Keras Overview

High-level neural network Python package using TensorFlow as a backend

CPU or GPU versions
CNTK and Theano can be used as the backend instead

Quickly build Neural Networks in a declarative manner

i.e. tell Keras what kind of NN model/layers you want
Supports Convolutional (CNN) and Recurrent (RNN) neural networks (or a combo)
Using TensorFlow itself would give more control of how to build a fine-tuned and customized NN

Great References:

Models

Two types of implementations for Models:

The Sequential model is the standard way of building a NN by linearly stacking layers
The Model Class can be used to create a more complex NN using the Keras functional API

Layers

Overview

Neural Networks have an input layer, 1 or more hidden layers, and an output layer. Each layer is mathematically doing matrix multiplication of the inputs by its weights and then producing an output to move through the NN. Each layer also has an activation function applied to the output of each node which helps determine how much its inputs contribute to the output. Deep Neural Networks would have many hidden layers and/or many nodes in each one.

There are differing types of layers which can be added, each one performing a different task for the overall NN architecture. Varying the sizes and types of layers will create specialized NNs. This colorful picture shows what kind of complexity can be created!
title title

Keras Core Layer Usage

Add a forward layer and it's activation function with:

model.add(Dense(units=64, input_dim=100))
model.add(Activation('relu'))

Available core layers:

Dense: a standard, fully-connected, dense NN layer
Activation: see below.

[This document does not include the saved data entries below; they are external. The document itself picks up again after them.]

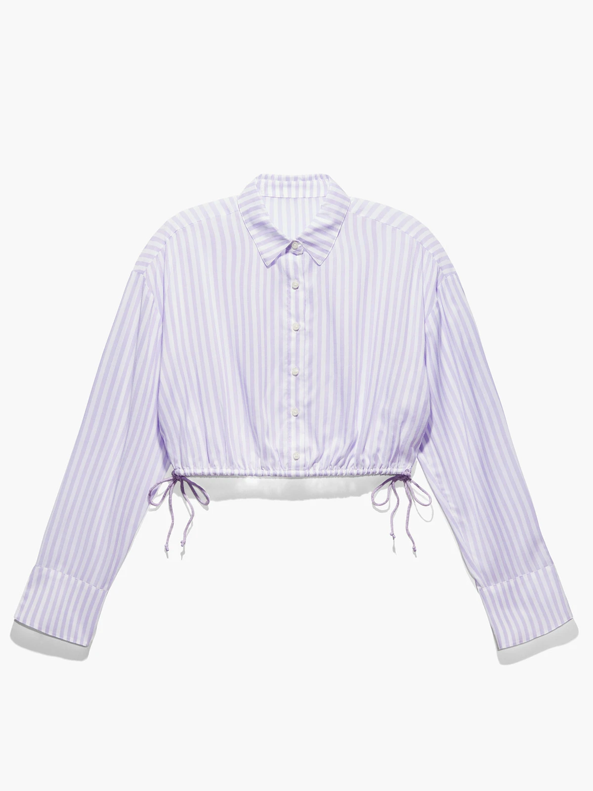 Coastal Stripe Woven Voile Sleep Crop Shirt With Drawstring
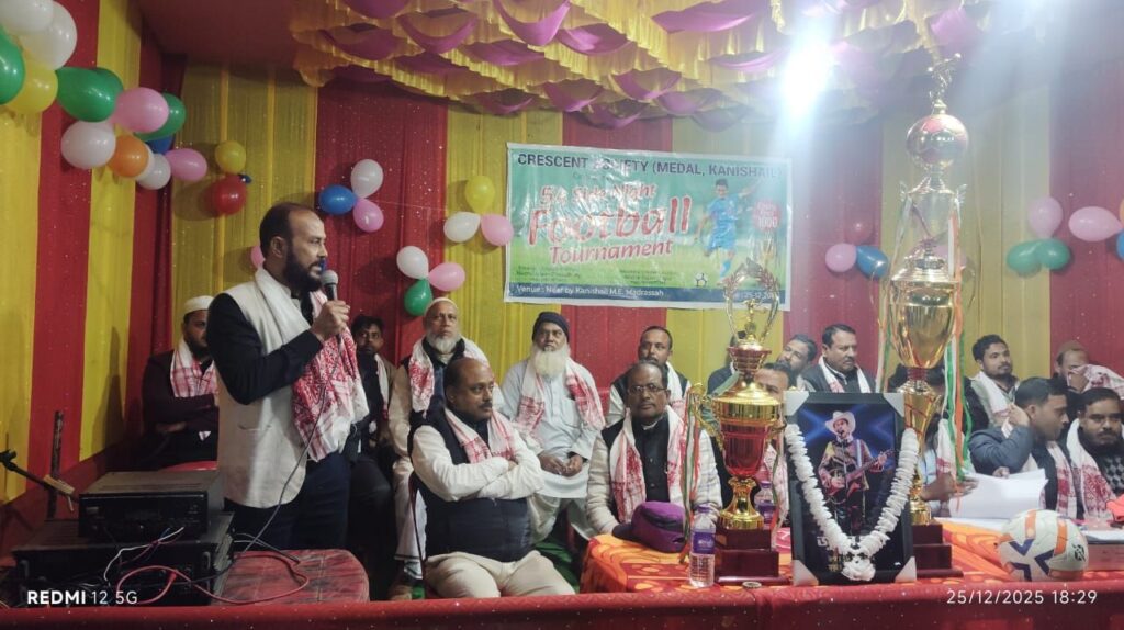বরাক তরঙ্গ, ২৫ ডিসেম্বর : খেলাধুলার মাধ্যমে সামাজিক সম্প্রীতি ও যুবসমাজকে ক্রীড়ামুখী করার লক্ষ্য নিয়ে কানিশাইলে ফাইভ-এ সাইড নাইট ফুটবল টুর্নামেন্টের সূচনা হয়েছে। বৃহস্পতিবার সন্ধ্যা ৬টায় কানিশাইল ক্রিসেন্ট সোসাইটির আয়োজনে প্রতিযোগিতার উদ্বোধনী অনুষ্ঠান অনুষ্ঠিত হয়। কানিশাইলে ফাইভ-এ সাইড নাইট ফুটবল টুর্নামেন্ট আনুষ্ঠানিক উদ্বোধন অনুষ্ঠিত হয়েছে। কনকনে এই শীতের সন্ধ্যায় অসংখ্য দর্শকের উপস্থিতিতে কানিশাইল ক্রিসেন্ট সোসাইটির উদ্যোগে আয়োজিত এই টুর্নামেন্টের উদ্বোধনী অনুষ্ঠান অনুষ্ঠিত হয়।
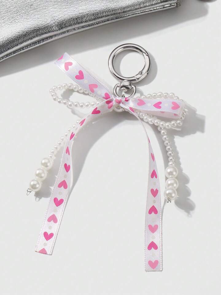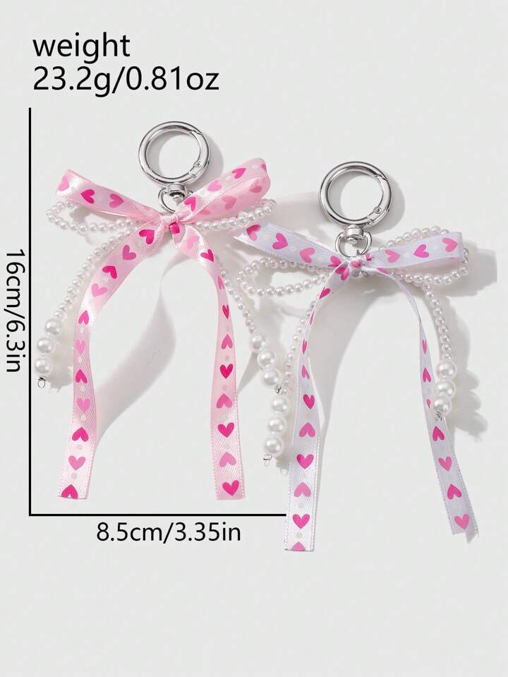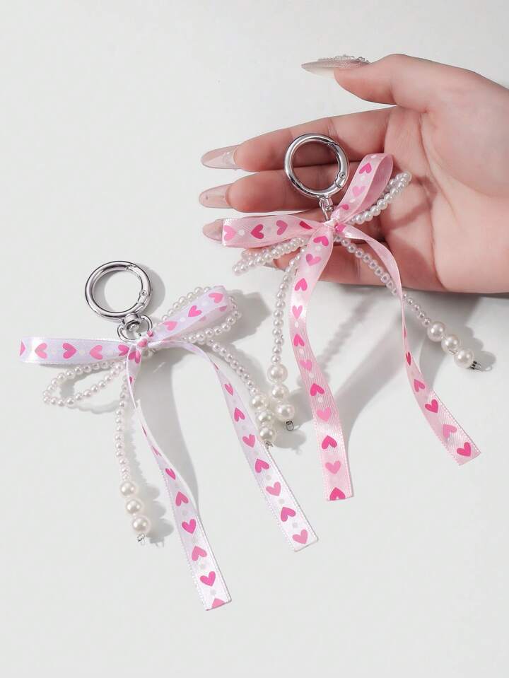 Kawaii 2pcs Cute & Delicate Girl Fashionable Handmade Beaded White Pearl, Pink Heart, Bowknot Keychain & Bag Charm Combo Set, Suitable For Couple, Best Friend, Sisters, Daily Wear, Holiday Gift
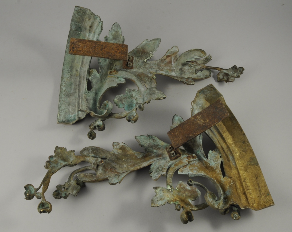 PAIRE de TÊTES de CHENETS en bronze doré à décor ajouré de rinceaux feuillagés et fruits. La base moulurée à décor d'oves. Style Louis XV, milieu du XIXème.
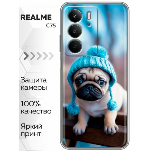 Чехол для Realme C75 4G с принтом Щенок мопса в шарке (Реалми С75 4G)
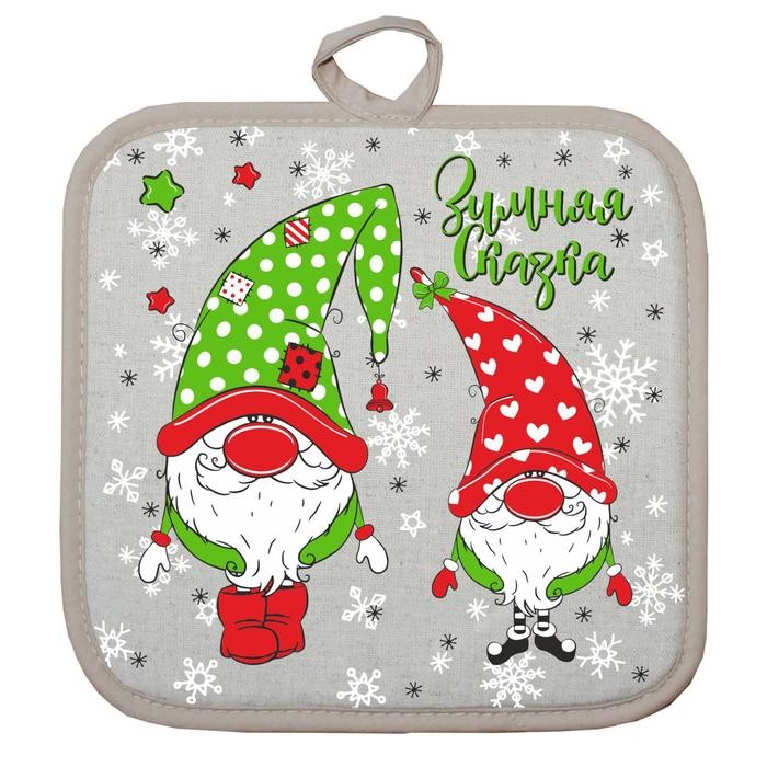 Прихватка Гномы 18×18 см, лен 50%, хлопок 50%, 160г/м2
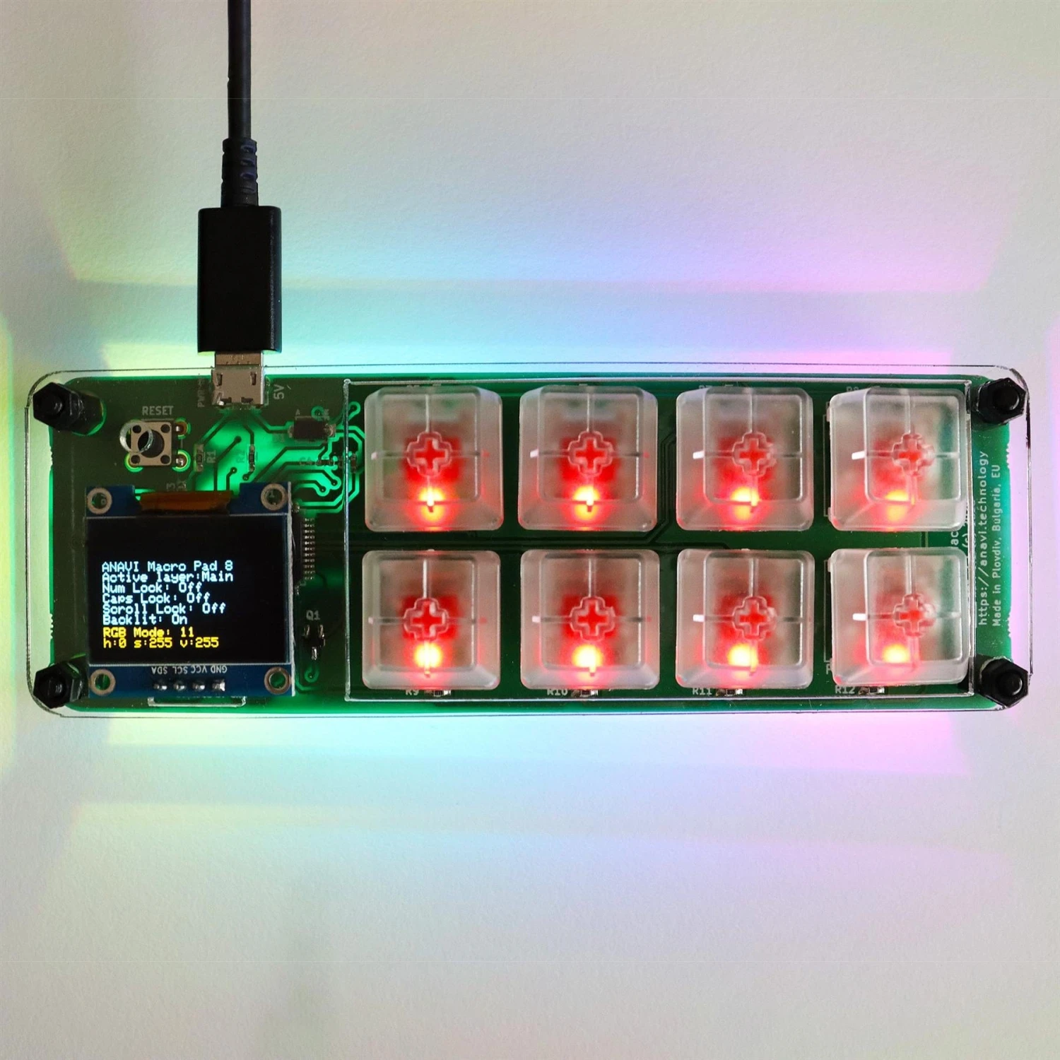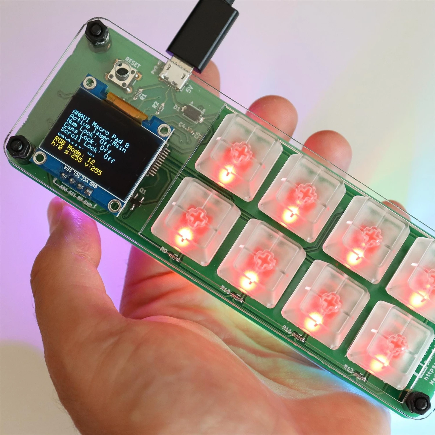 The Anavi Macro Pad 8 Kit is an open-source, programmable mini eight-key mechanical keyboard/keypad with LED-backlit keycaps, NeoPixel-compatible WS2812B underlighting, 0.96″ OLED display and acrylic enclosure!

This is applied to the output of a layer and is a property of other layers
Dropout: randomly sets a fraction of inputs to 0 to prevent overfitting and speed up training
Flatten: reshape everything into a 1-D vector
Reshape: change the shape of the data to target_shape
Permute: switch one dimension to another position
RepeatVector: repeats the input n times
Lambda: apply a lambda function to the data (ex: transform all x -> x^2)
ActivityRegularization: apply L1 or L2 regularization to the cost function input
Masking: skips a timestep in downstream layers if a certain mask pattern is matched

Activation Functions

Overview

The Activation Function (AF) is a weighted, mathematical function applied to the inputs, which results in a final output "score". It could output infinity and completely outweigh any other node if they have smaller values, that's bad. A more practical approach is to apply the same AF to each node and normalize the range to something like -1 to 1. Now they're all on the same playing field in terms of contribution to the final output layer. The actual function can be just about anything, from simple to complex:

Step Function: simple and blunt, yes or no, output is 0 or 1. This is easy to understand, but not the best for a NN. This AF either says, "Yes, my input contributes info to the output, or no it does not." There is no maybe, a little bit, or sort of. This is not the best way to gather info from multiple sources because each one likely contributes something to the final result and we want to compile that info as we move through a deep neural network with many layers.
Linear Function: a straight line, input is proportional to output. This is better, but still bad for three reasons. (1) the output is not bound and could "blow up" to a huge number, or very tiny number, which isn't useful. (2) if every layer has a linear AF, then the whole system is linear and there's no point in having multiple layers, it's really just like one linear function once combined. (3) when we get to back propagation for gradient descent and minimizing the error, the gradient (derivative of the line) is constant and doesn't depend on the input
Sigmoid Function: 'S' shaped, this is better, it's not all or nothing like Step and it is non-linear so multiple layers are more meaningful. Small input changes (x) have a larger affect on the output (y), that's good! It causes this node to eventually figure out whether how to classify the output by drifting towards y=0 or y=1. However, towards the ends of the function (small or large input values) the output has very little change and is nearly flatlined. This means the node is set in its ways and nothing you say can change its mind! That may be good, or bad, but this AF is widely used.
Tanh Function: this is a scaled version of the Sigmoid function, so it has similar characteristics. The difference is that the gradients are even steeper
ReLu Function: this name is used all the time, what is it? The Rectified Linear Unit is linear if x is greater than 0, otherwise it outputs zero. Overall, it IS non-linear and it can speed up deep NN processing by making it less computationally dense. Meaning, if it outputs a zero, then there is less number crunching at the next layer because it's input is zero. However, with a flat-line zero gradient for x < 0, the node will stop responding to variations in input. This causes a dying ReLu neuron which makes this portion of the NN go passive. To remedy this, the flat line for x < 0 can be made into a small slope so it will gradually recover during training (Leaky ReLu) instead of causing that whole portion of the NN to become unresponsive to change.

Output Activations

At the output layer, we want a slightly different result from our activation function. Using the Softmax Function, all of the outputs will be normalized into probabilities that add up to 1. This is good for a categorical probability distribution. It is different than a one-hot encoding scheme which would tell us definitively whether an input should be classified as. For example, if the NN has been trained well, then it should tell us there is a 90% probability that our input belongs to one class... and most likely it would share some features with other inputs, so other categories would get some of the probability distribution, but at lower values like 1-2%.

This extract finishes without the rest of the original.